On the 13th of each month, I write about a movie whose title contains the number 13.
Even if Yarris has embellished his story, though, the basic facts of it, reported in multiple news outlets, are more than amazing enough to justify this documentary. During his time in prison (primarily on death row), Yarris once escaped for 25 days (before turning himself back in), met and married an anti-death penalty activist, spent years advocating for DNA testing to exonerate himself, contracted diseases from poor prison health care, and eventually requested that his execution be expedited, literally months before that DNA evidence finally proved his innocence and he was set free. Sington films Yarris in a darkened, unspecified location, that at first looks like it could be a prison cell or meeting room (the opening title cards also seem to make it unclear whether Yarris is still in prison, for anyone -- like me -- not already familiar with his story).

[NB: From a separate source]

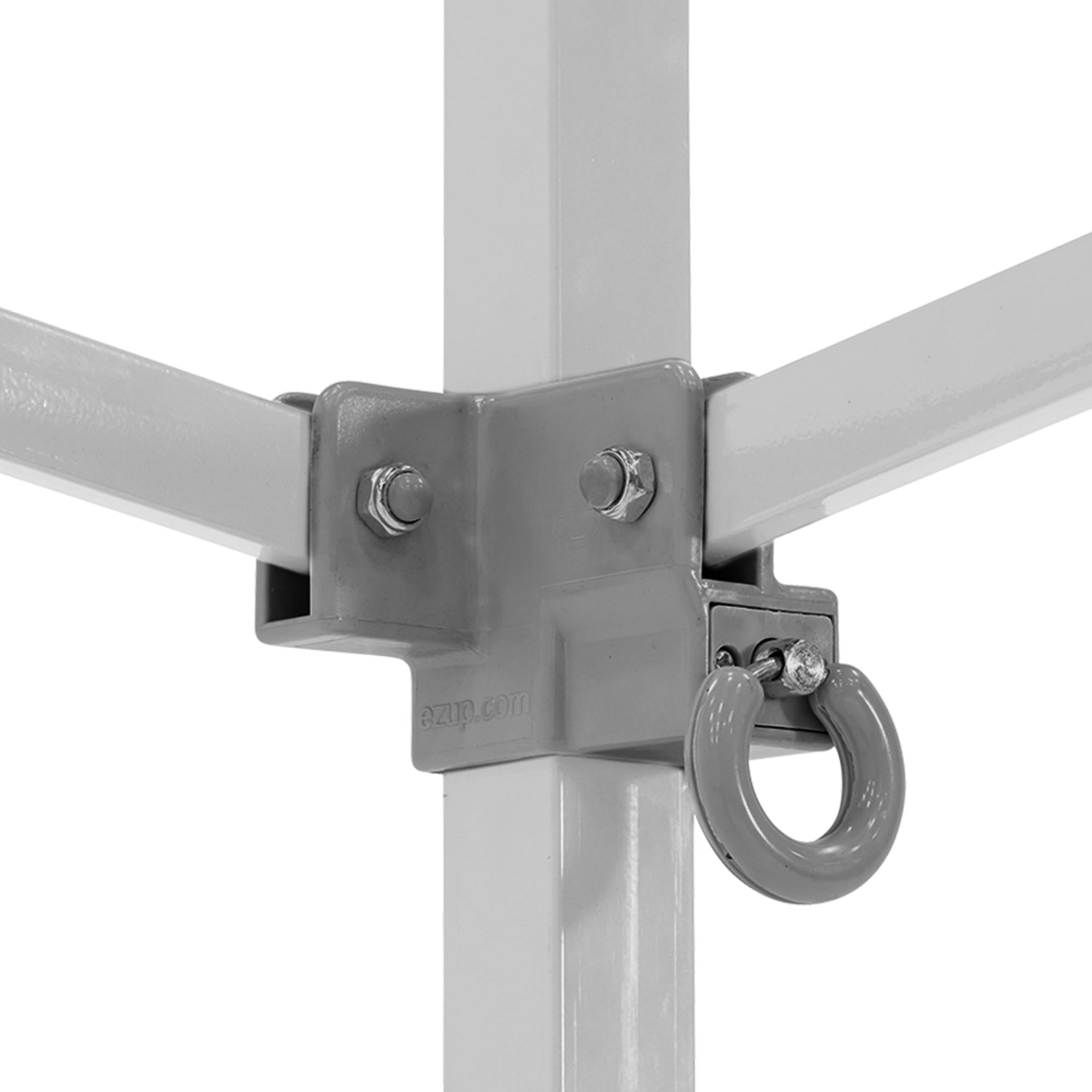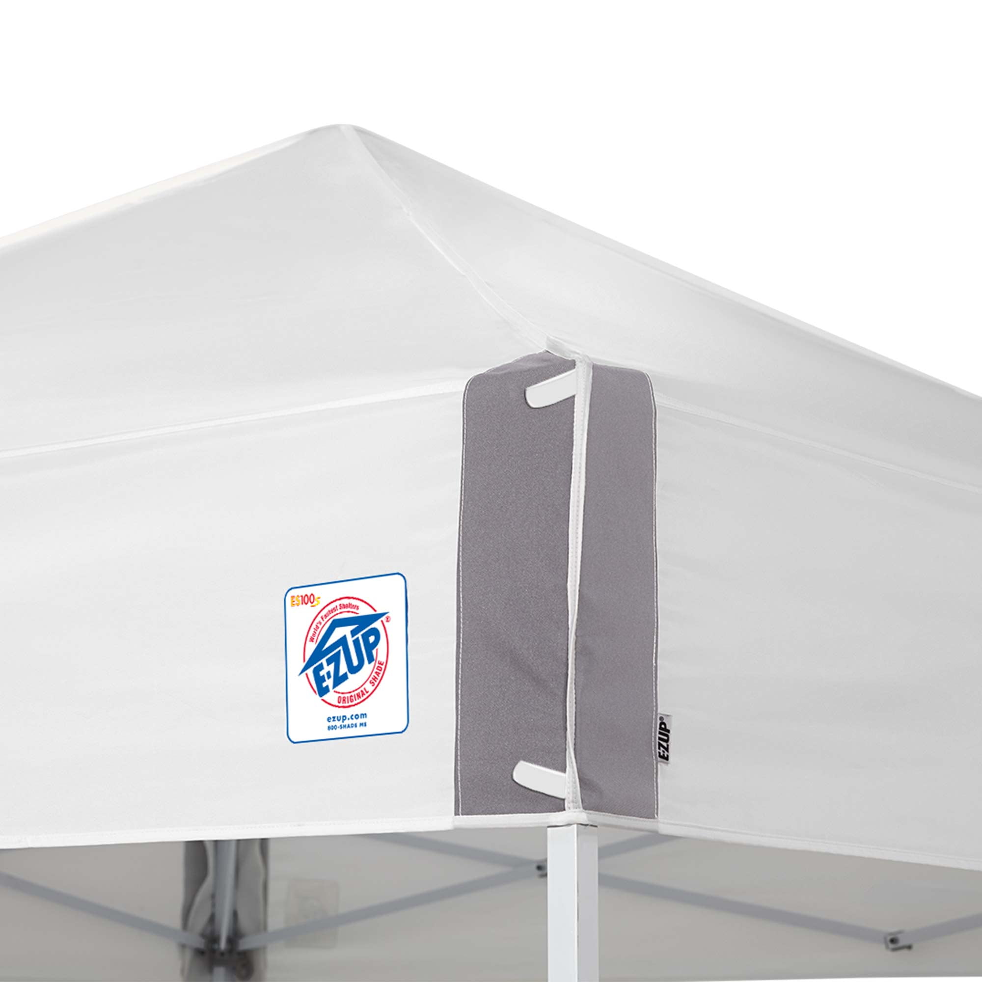 100 Square Feet of Shaded Area E-Z UP ES100S™ instant shelter canopy Includes Shelter, White Powder-Coated Steel Frame, New Commercial Wide-Trax™ Roller Bag with storage pockets for sidewalls. 3 Dura-Lon® Plus Sidewalls, 1 Mid- Zip Dura-Lon® Plus Sidewall & 4 Piece Spike Kit E-Z UP ES100S™ instant shelter canopy includes Upgraded Durable Wide-Trax™ Roller Bag with High Density Wheels and Rubberized Sure-Grip Handles E-Z UP toggle Leg Adjustment: Adjustable legs with 5 height options 4 corner loops pre-installed for (Optional Add-On) Name Banner attachment to the shelter top Bolt On Top: Securely attaches the top to the frame adding more protection & support Three different height settings allow you to pick the height that best suits your needs. Peak Height Options: High 11’5”, Low 10’11”. Valance clearance heights: High 6’10”, Low 6’6″. Meets CPAI-84, NFPA-701 and CAN/ULC-S109 Fire Resistant Requirements Sets up in seconds! 3-year warranty

This isn't just a 96-minute interview, though -- taking more than a few cues from Errol Morris, Sington uses select re-enactments, sound effects and arty close-ups of everyday objects to illustrate Yarris' accounts, and he structures the movie more like a narrative than a documentary, starting out with one of Yarris' most far-fetched stories (about a prisoner breaking triumphantly into song on a block where silence is strictly enforced) before doubling back at various times to fill in the details of the alleged crime that sent Yarris to death row and, finally, the abuse he suffered as a child that had a formative influence on his turn to drugs and crime. That last one comes off a bit like a cheap twist (and I am not a big fan of documentaries that withhold factual information for the sake of "plot twists"), but overall Sington (and Yarris, presumably) construct the movie very effectively, so that it's both suspenseful and emotionally wrenching, with the right amount of comic relief.
Yarris is a master storyteller, teasing out themes in each of his anecdotes (one of which provides the movie with its title) that make them sound like rehearsed, carefully crafted monologues. And given how much time he spent in prison, devouring hundreds of books, they might well be. Yarris professes his fondness for pulpy crime novels, and he seems to have fashioned himself into a character from an Elmore Leonard book, with a set of unlikely quirks and experiences and a strong, self-aware intellect. By creating such a cinematic, engrossing movie, Sington enables Yarris' self-mythologizing, but given how much the guy went through at the hands of a cruel and indifferent justice system, he can be forgiven a bit of hubris and self-aggrandizement.